**WHAT YOU SHOULD DO:**
The lines to copy run from the one containing "Unter Beobachtung habe" to the end of the listing. Please write them out exactly, minus the pictures.

**DATASET EXTRACT:**
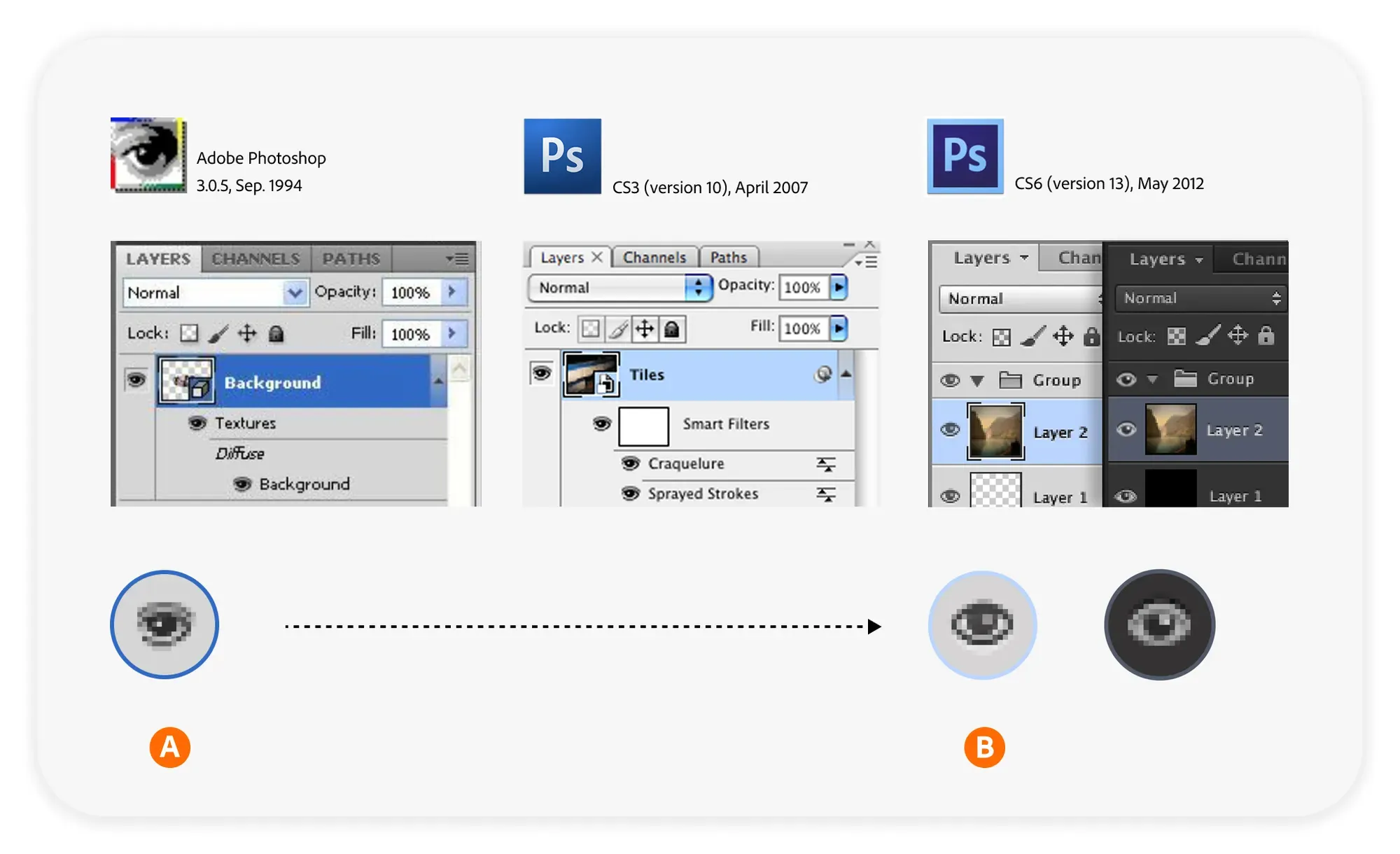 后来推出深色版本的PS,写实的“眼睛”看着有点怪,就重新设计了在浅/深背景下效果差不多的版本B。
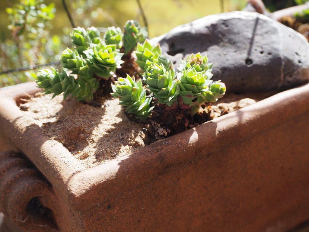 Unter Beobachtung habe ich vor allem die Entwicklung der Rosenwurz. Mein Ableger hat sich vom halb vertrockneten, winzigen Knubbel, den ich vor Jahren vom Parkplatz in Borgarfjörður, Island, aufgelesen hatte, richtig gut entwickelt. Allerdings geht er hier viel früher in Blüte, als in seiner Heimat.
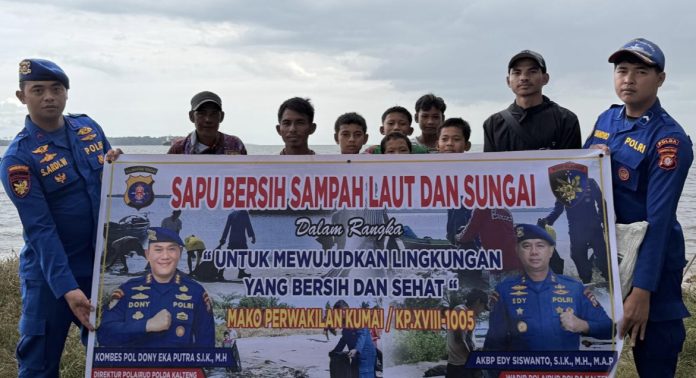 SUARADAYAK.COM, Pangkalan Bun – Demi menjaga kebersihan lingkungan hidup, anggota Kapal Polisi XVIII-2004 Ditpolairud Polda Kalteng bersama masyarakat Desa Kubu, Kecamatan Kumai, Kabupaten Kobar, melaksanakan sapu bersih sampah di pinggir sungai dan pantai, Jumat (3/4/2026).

**EXERCISE RESPONSE:**
 Unter Beobachtung habe ich vor allem die Entwicklung der Rosenwurz. Mein Ableger hat sich vom halb vertrockneten, winzigen Knubbel, den ich vor Jahren vom Parkplatz in Borgarfjörður, Island, aufgelesen hatte, richtig gut entwickelt. Allerdings geht er hier viel früher in Blüte, als in seiner Heimat.
 SUARADAYAK.COM, Pangkalan Bun – Demi menjaga kebersihan lingkungan hidup, anggota Kapal Polisi XVIII-2004 Ditpolairud Polda Kalteng bersama masyarakat Desa Kubu, Kecamatan Kumai, Kabupaten Kobar, melaksanakan sapu bersih sampah di pinggir sungai dan pantai, Jumat (3/4/2026).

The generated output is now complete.